### WORK REQUIRED
Could you please retype the records exactly, minus their pictures?

### RAW DATA
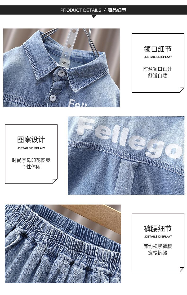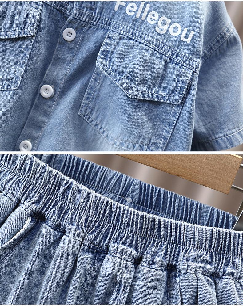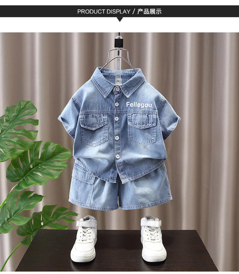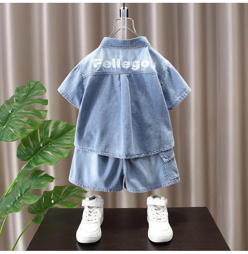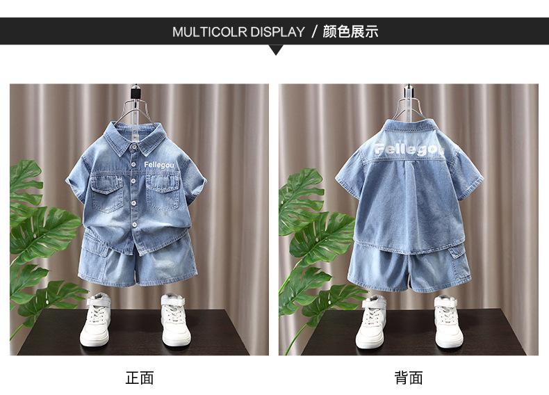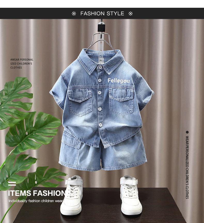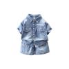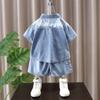 Traje de mezclilla para niños Verano 2025 Nuevo estilo Moda y guapo de manga corta Conjunto de dos piezas Ropa de moda para niños Verano
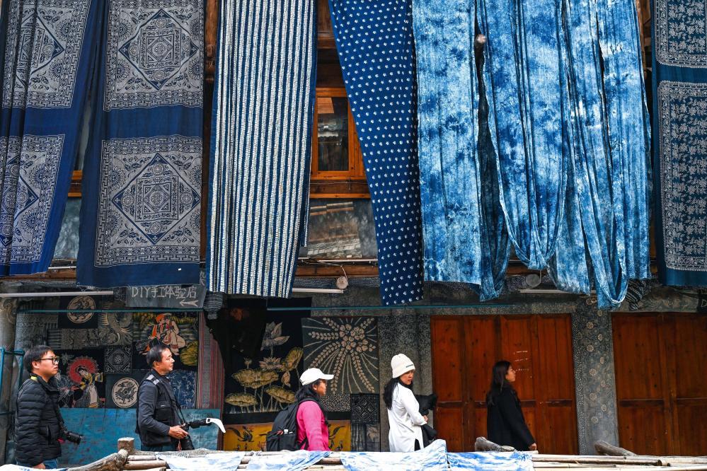年關(guān)將至,侗寨游人如織。不少游客到侗品源靛染文化體驗館,了解傳統(tǒng)非遺,體驗靛染工藝,選購民族文化商品。
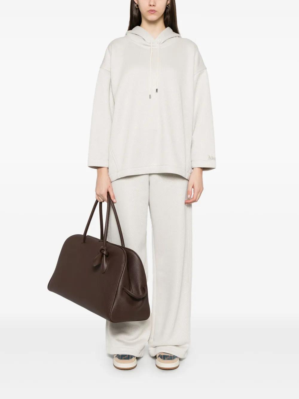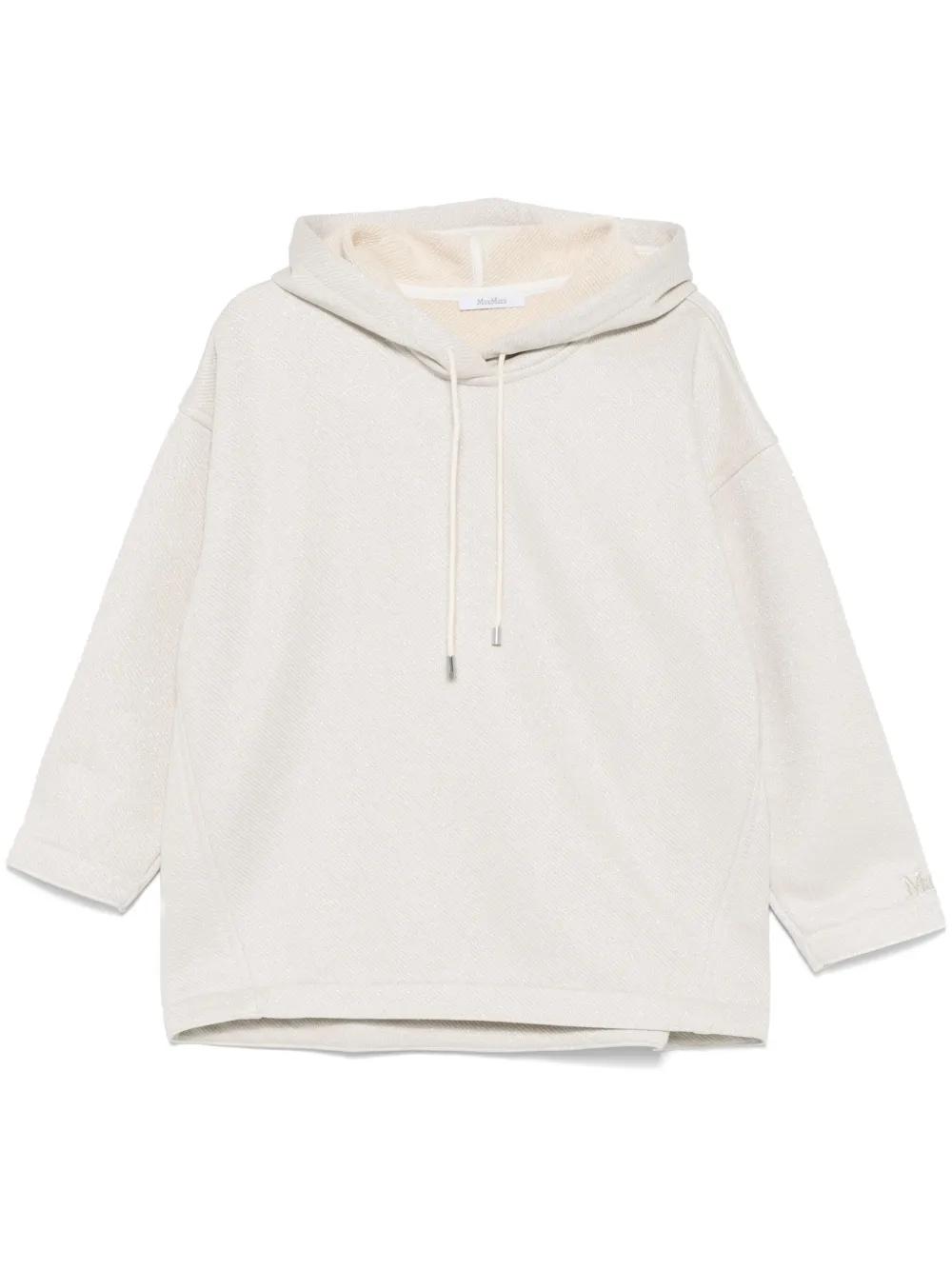 ecru drawstring hood drop shoulder long sleeves lurex detailing
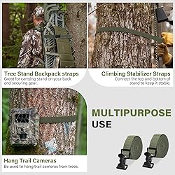 CLIMBING TREE STAND STRAPS: Set of 2 tree stand utility strap. Utility straps for summit treestand accessories is up to 75inch (190 cm) long and 1 inch (2.5cm) wide, with a weight capacity of up to 220lbs, ensuring your safety and security when hunting and climbing, providing you with a reliable guarantee. MULTIPURPOSE USE: Tree stand straps for summit climber can be used for many different hunting applications. Great for carrying stand on your back and securing gear; Hunting utility straps connect the top and bottom of stand to keep it stable; Tree stand stabilizer straps can also be used to hang trail cameras from trees. DURABLE STRAP: Backpack straps for summit viper accessories are made from high-quality polypropylene fibers, double-woven at every where to ensure superior strength and durability, and the interfaces of climbing stabilizer straps are cross-stitched to further enhance structural strength to hold up to 220 pounds. STRONG CAM BUCKLE WITH QUICK-RELEASE BUTTON:The buckle of climbing tree stands storage accessory is made from heavy duty metal, and the sturdy buckle teeth firmly grip hunting stand straps without coming loose.The buckle includes a quick release thumb button, eliminating the need to spend time tying and untying knots. LIGHTWEIGHT & PORTABLE:2 Deer hunting stands utility straps together weigh less than a pound and can be easily folded in a hunting jacket or elsewhere to carry with you. Whether you are on an outdoor adventure or for everyday use, this set of high quality tree stand straps replacement will provide you with reliable protection.
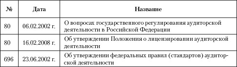 Таблица 2.1. Постановления Правительства, регулирующие аудиторскую деятельность в Российской Федерации

### ANSWER AREA
 Traje de mezclilla para niños Verano 2025 Nuevo estilo Moda y guapo de manga corta Conjunto de dos piezas Ropa de moda para niños Verano
年關(guān)將至,侗寨游人如織。不少游客到侗品源靛染文化體驗館,了解傳統(tǒng)非遺,體驗靛染工藝,選購民族文化商品。
 ecru drawstring hood drop shoulder long sleeves lurex detailing
 CLIMBING TREE STAND STRAPS: Set of 2 tree stand utility strap. Utility straps for summit treestand accessories is up to 75inch (190 cm) long and 1 inch (2.5cm) wide, with a weight capacity of up to 220lbs, ensuring your safety and security when hunting and climbing, providing you with a reliable guarantee. MULTIPURPOSE USE: Tree stand straps for summit climber can be used for many different hunting applications. Great for carrying stand on your back and securing gear; Hunting utility straps connect the top and bottom of stand to keep it stable; Tree stand stabilizer straps can also be used to hang trail cameras from trees. DURABLE STRAP: Backpack straps for summit viper accessories are made from high-quality polypropylene fibers, double-woven at every where to ensure superior strength and durability, and the interfaces of climbing stabilizer straps are cross-stitched to further enhance structural strength to hold up to 220 pounds. STRONG CAM BUCKLE WITH QUICK-RELEASE BUTTON:The buckle of climbing tree stands storage accessory is made from heavy duty metal, and the sturdy buckle teeth firmly grip hunting stand straps without coming loose.The buckle includes a quick release thumb button, eliminating the need to spend time tying and untying knots. LIGHTWEIGHT & PORTABLE:2 Deer hunting stands utility straps together weigh less than a pound and can be easily folded in a hunting jacket or elsewhere to carry with you. Whether you are on an outdoor adventure or for everyday use, this set of high quality tree stand straps replacement will provide you with reliable protection.
 Таблица 2.1. Постановления Правительства, регулирующие аудиторскую деятельность в Российской Федерации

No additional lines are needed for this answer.